HONG KONG — Asian stocks drifted on Friday, with markets in China edging slightly higher as investors stayed cautious ahead of a major holiday and an announcement on details on a free trade zone in Shanghai. Stocks in Tokyo slid after Japan's inflation spiked.
Hong Kong's Hang Seng Index rose nearly 0.1 percent to 23,135.69 while in mainland China, the Shanghai Composite Index advanced marginally to 2,156.68.

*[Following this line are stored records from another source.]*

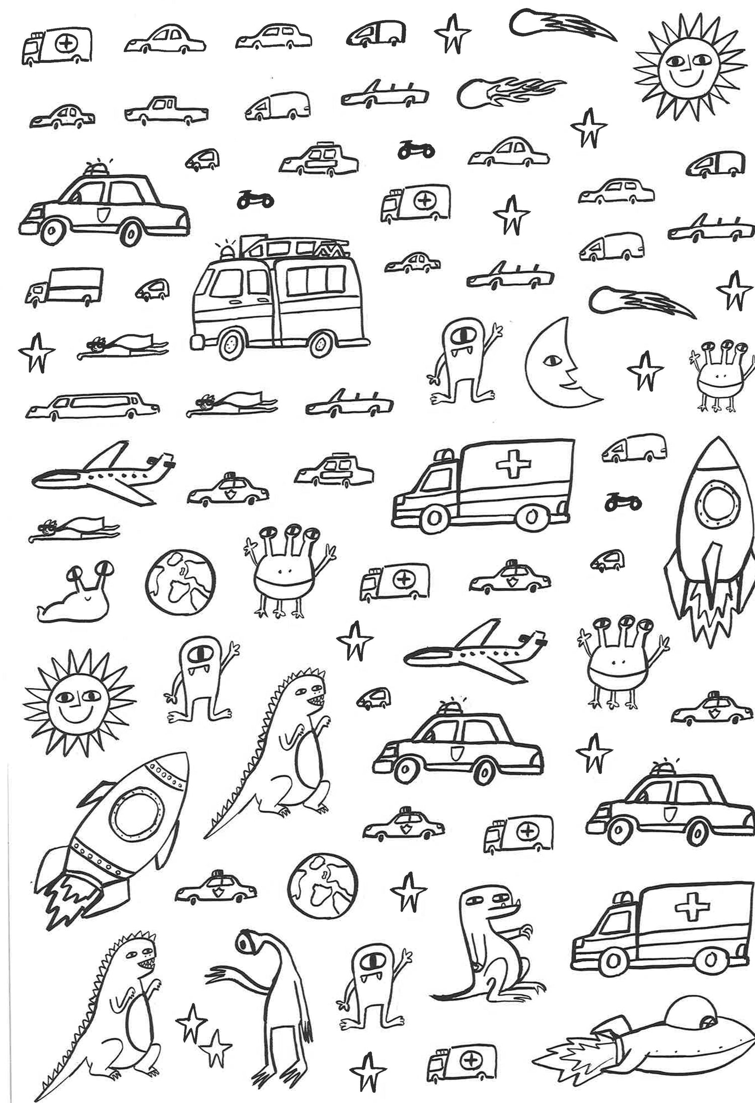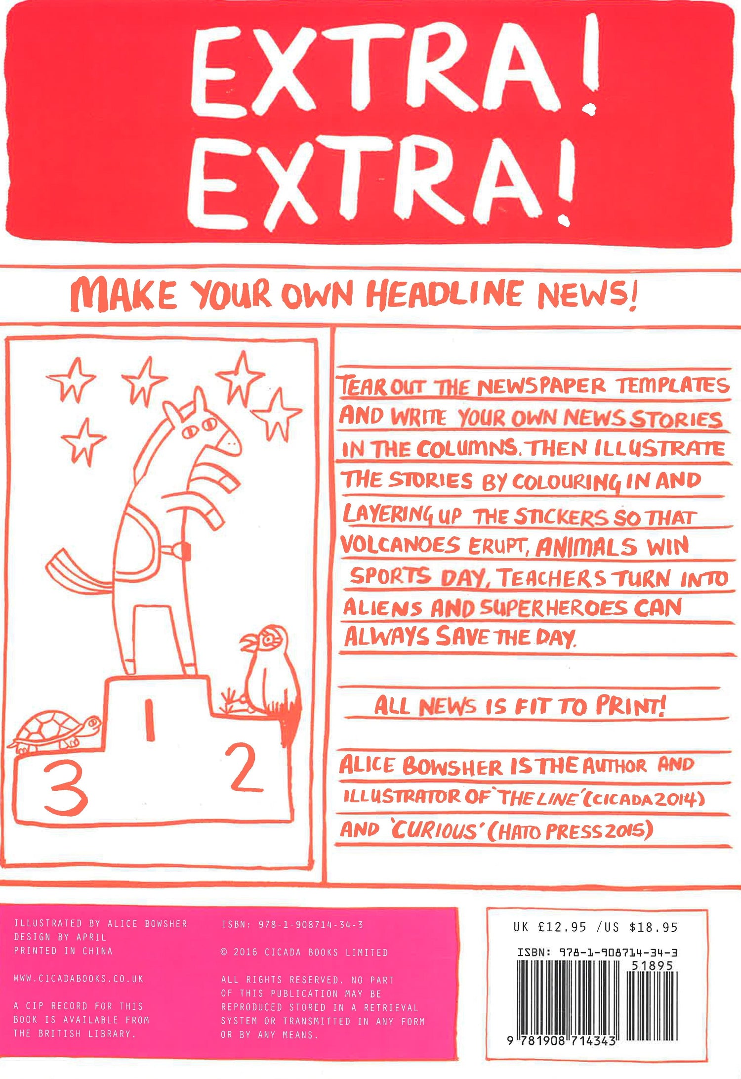 Make your own headline news! Fifty pages of tear-out newspaper layouts correspond to twenty sticker pages of partially drawn images and headlines. Kids are invited to color and complete the stickers, layering them up so that volcanoes erupt, schools explode, teachers are sent to prison, and moms win Oscars. Column space alongside gives plenty of room for hilarious accompanying stories. Humorous and warm, this book is a great way of getting kids excited about creative writing. Alice Bowsher's pen and ink drawings are exploding with fun. She is the author and illustrator of The Line (Cicada 2014) and Curious (Hato Press 2015).
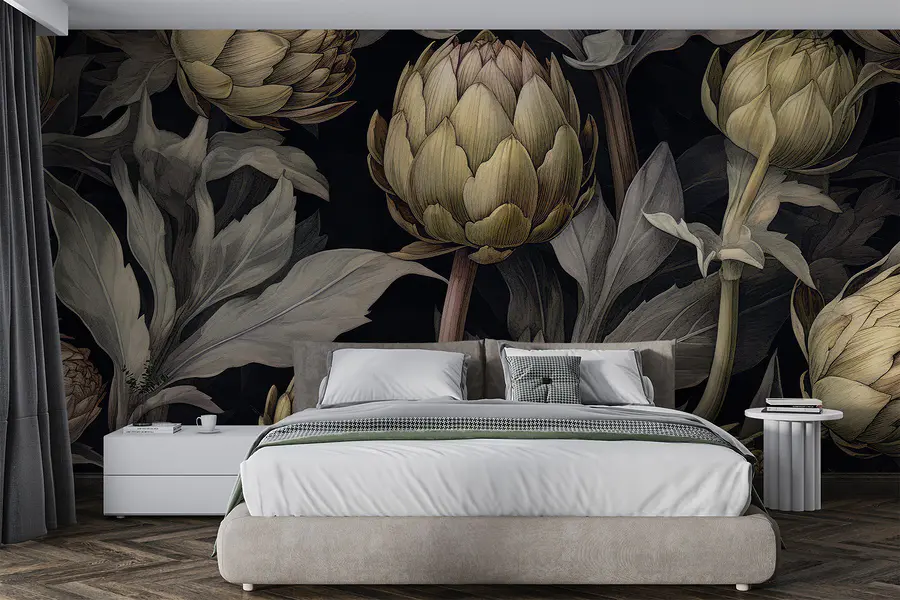 Transformez n’importe quelle pièce en un havre de paix chic grâce à cette peinture murale représentant des artichauts et des feuilles sur un fond noir saisissant. C’est comme si vous apportiez un morceau de jardin à l’intérieur, sans l’arrosoir et les insectes nuisibles. Imaginez que vous sirotiez un café en regardant ces artichauts dorés et complexes qui se détachent joliment sur la toile sombre. C’est un sujet de conversation à coup sûr – vos invités ne manqueront pas d’y regarder à deux fois. Parfaite pour un coin douillet ou un bureau qui a besoin d’une touche d’élégance, cette peinture murale rehausse n’importe quel mur grâce à son charme unique. C’est une petite œuvre d’art qui raconte une histoire – peut-être même l’histoire d’un dîner où les artichauts étaient à l’honneur !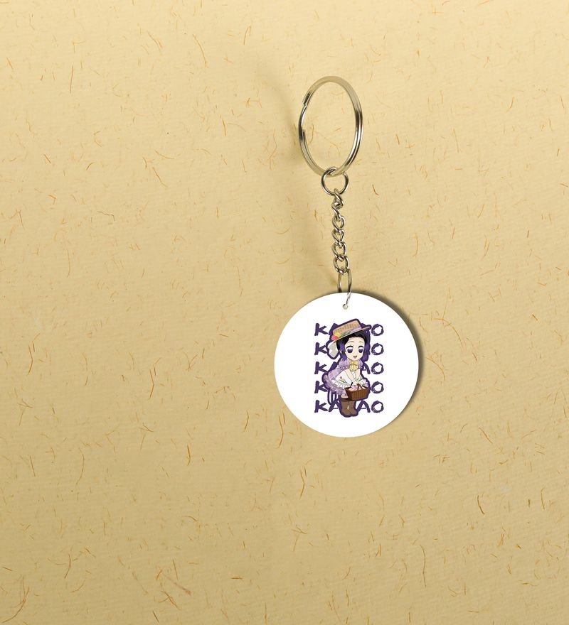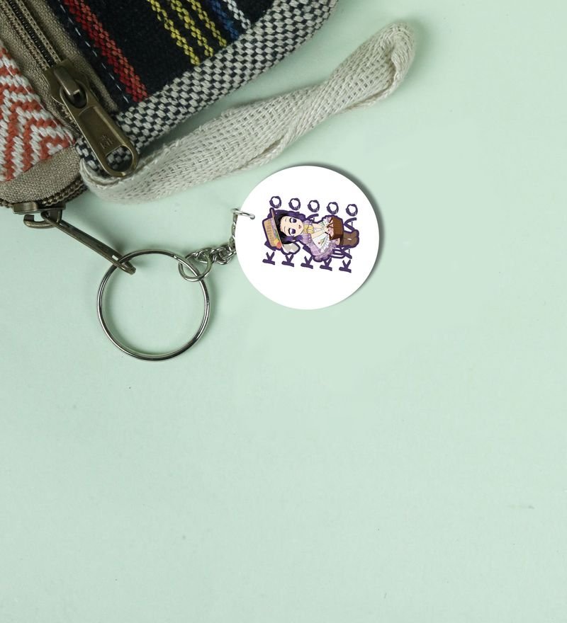 Adorable Character Design With Bow Printed Round Keychain Pack of 2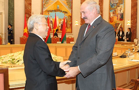 Tổng thống Cộng hòa Belarus A. Lukashenko đón tiếp Tổng Bí thư Nguyễn Phú Trọng. Ảnh: TTXVN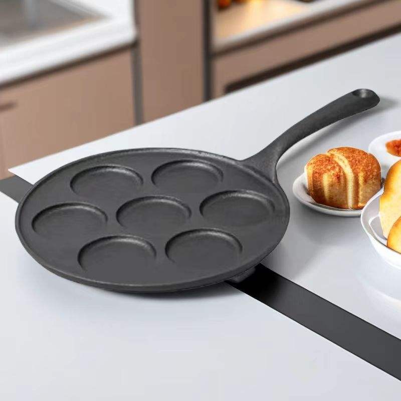 Meilleur ustensile de cuisine Poêle à crêpes en fonte 7 trous plats Poêle à blinis Mini poêle antiadhésive Crêpière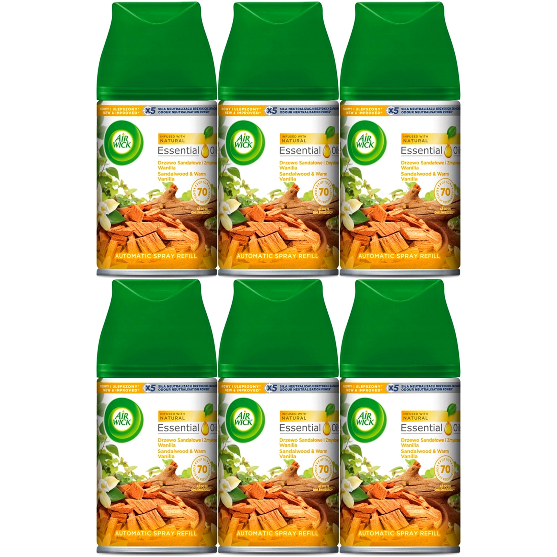 Wkład do automatycznego Odświeżacza Powietrza AIR WICK Drzewo Sandałowe i Wanilia 6 x 250ml. Air Wick Freshmatic wkład Drzewo Sandałowe i Zmysłowa Wanilia.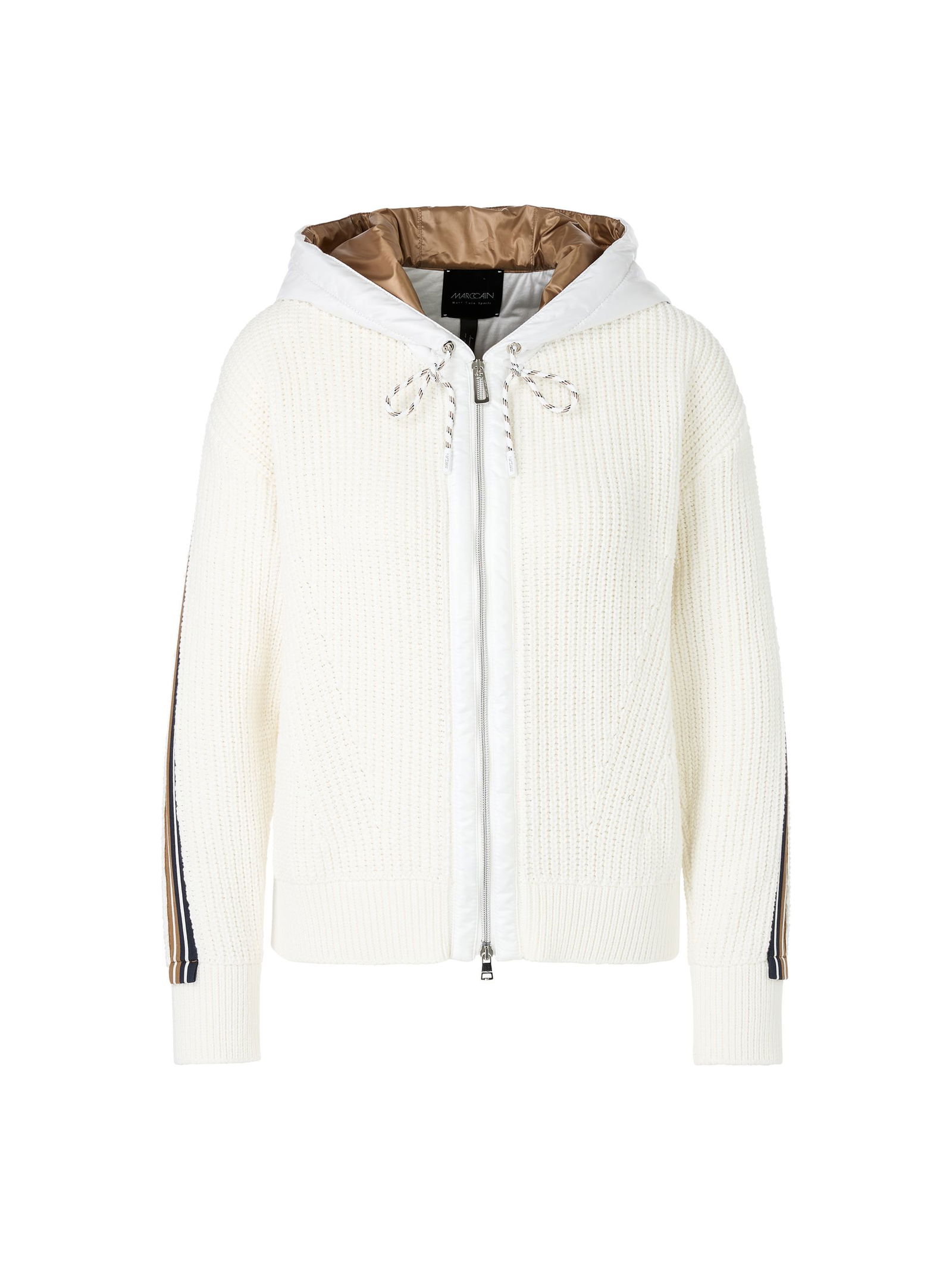Marc Cain Cardigan mit Kapuze – Nachhaltig, stilvoll und vielseitig Der Marc Cain Cardigan aus der "Rethink Together"-Kollektion ist der Inbegriff von nachhaltiger Mode, die sich perfekt in deinen Alltag integrieren lässt. Mit seinem eleganten und zugleich legeren Design vereint dieser Cardigan modisches Flair und verantwortungsbewusste Produktion. Die Kollektion steht für umweltfreundliche Materialien und ressourcenschonende Herstellungsprozesse – für eine Mode, die gut aussieht und sich gut anfühlt. Gefertigt aus hochwertigen 90 % Baumwolle und 10 % Polyester bietet dieser Cardigan nicht nur eine angenehme Haptik, sondern auch maximalen Komfort und eine lange Lebensdauer. Der Cardigan überzeugt mit seiner weichen Textur und dem natürlichen Tragegefühl, das den ganzen Tag über anhält. Die sportliche Kapuze sorgt für eine dynamische Note, während das zeitlose Design den Cardigan zu einem vielseitigen Allrounder für verschiedene Anlässe macht. Die saubere Verarbeitung und edle Details wie dezente Logoelemente und eine harmonische Farbgebung betonen die hohe Qualität dieses Kleidungsstücks. Ob lässig über einem T-Shirt, als Überwurf für einen eleganten Look oder als stilvolles Highlight in deiner Freizeitgarderobe – dieser Cardigan ist ein echter Stil-Begleiter. Produkt-Highlights: Nachhaltig produziert in der "Rethink Together"-Kollektion 90 % Baumwolle, sorgt für ein weiches Tragegefühl Sportliche Kapuze für eine lässige Note Edle Details und dezente Logoelemente Weiß als vielseitige, harmonische Farbwahl Hohe Langlebigkeit durch sorgfältige Verarbeitung Mit diesem nachhaltigen Cardigan triffst du eine stilvolle Wahl, die nicht nur deinem Look, sondern auch der Umwelt zugutekommt. Ein wahres Must-Have für modebewusste und umweltbewusste Frauen!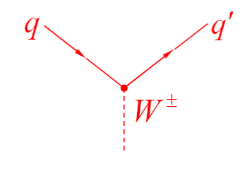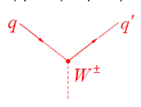 Кварки участвуют в слабых взаимодействиях излучая или поглощая W± бозоны, при этом изменяется тип (аромат) кварка, цвет кварка остаётся без изменения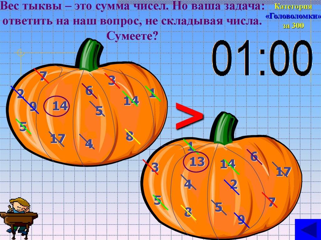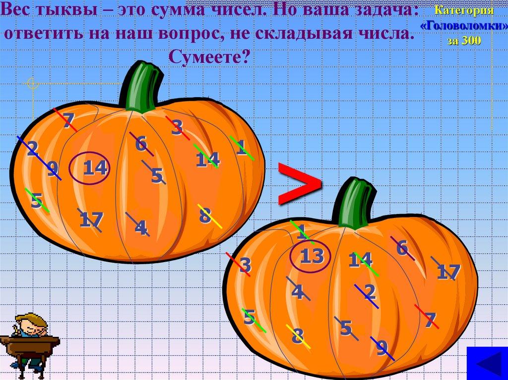 Вес тыквы – это сумма чисел. Но ваша задача: Категория«Головоломки»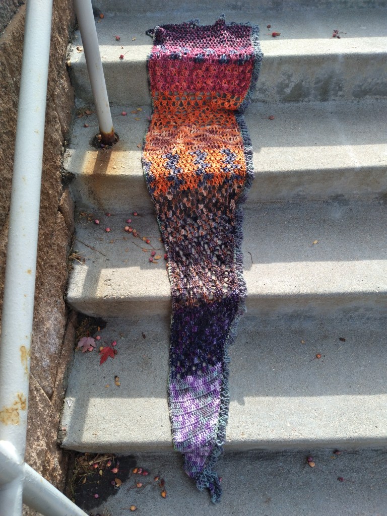 This scarf is an asymmetrical triangle that begins at the point with just one stitch. It increases from there on just one side to a nice scarf width. Then it continues evenly until all patterns are worked. Then Edged in 2 different colors and stitches.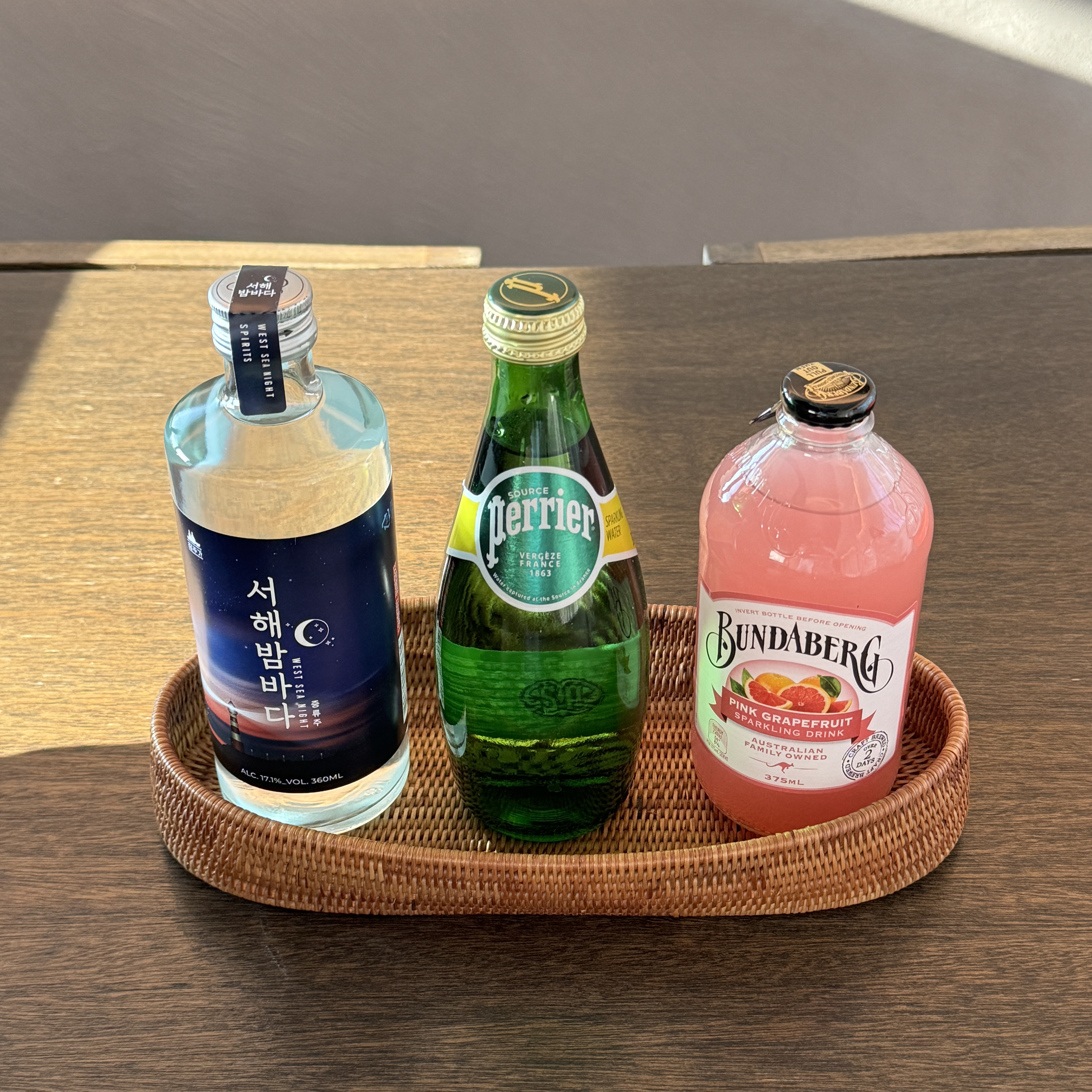 테이블 위에는 웰컴 드링크(?)가 있는데, 서해밤바다는 소주더라.
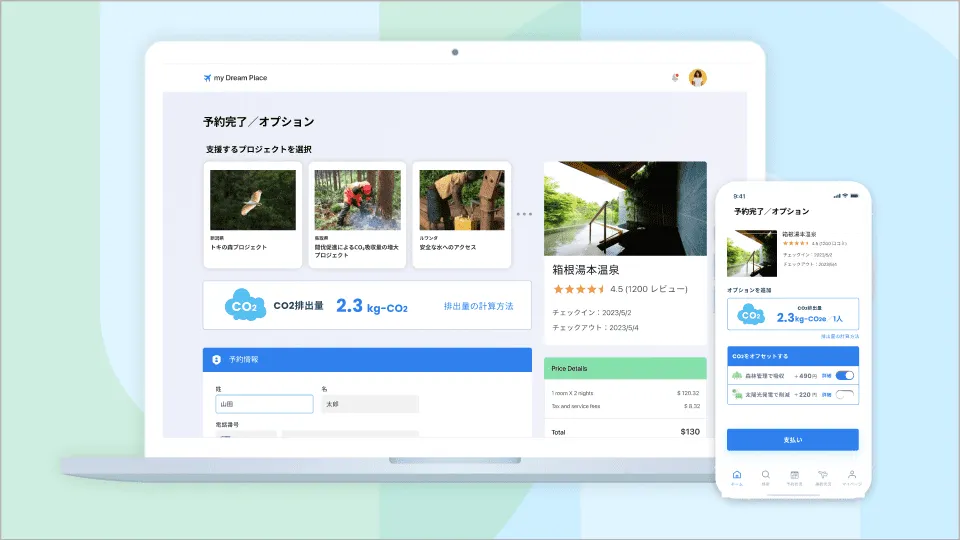 交通機関の予約システム、MaaS、旅行予約サービス、出張手配サービス、建設会社、建設DXサービス、EC、決済サービス、製品管理システム、調達・購買管理システム、カーリース、レンタカー、物流DXサービス、廃棄物管理システム、会計システム、ERP などのオンラインシステムやWebサービスをお持ちの企業様と連携することで、商品やサービス単位の温室効果ガスの自動算定とカーボン・クレジットを活用したカーボンニュートラル化を実現したいと考えています。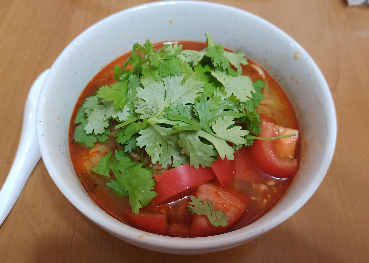 丼に麺を投入後に、トマトとパクチーをどっさり載せます。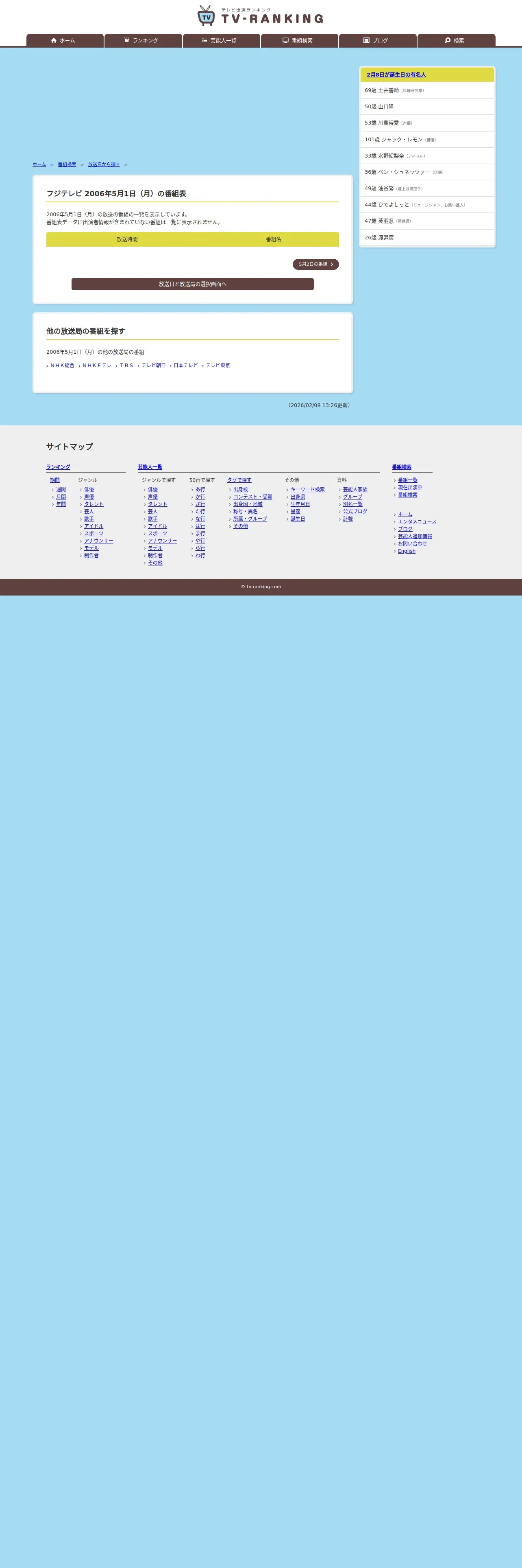 https://www.tv-ranking.com:443/program/date.php?date=20060501&sta=5

Investors in China were laying low ahead of an announcement scheduled for Sunday that would outline details of a highly anticipated free trade zone in Shanghai. A weeklong holiday that starts on Tuesday was also expected to keep some investors on the sidelines.
Japan's Nikkei 225 dipped 0.2 percent to 14,776.18 after the country's consumer price inflation rose at the fastest rate in five years.
South Korea's Kospi climbed 0.3 percent to 2,012.93 while Australia's S&P ASX 200 rose 0.2 percent to 5,306.40. Benchmarks in New Zealand, Taiwan and Singapore also advanced.
In the U.S., upbeat economic data supported stocks. Reports showed unemployment claims fell to their second lowest level in six years and the economy grew at a 2.5 percent annual rate in the second quarter. The Dow Jones industrial average advanced 0.4 percent to 15,328 while the S&P 500 index rose 0.4 percent to close at 1,698.67. The Nasdaq climbed 0.7 percent to 3,787.
In currencies, the euro strengthened to $1.3484 from $1.3490 in late trading Thursday. The dollar slipped to 98.72 yen from 99.00 yen.
In energy markets, benchmark oil for November delivery fell 33 cents to $102.70 per barrel in electronic trading on the New York Mercantile Exchange. The contract rose 37 cents to settle at $103.03 on Thursday.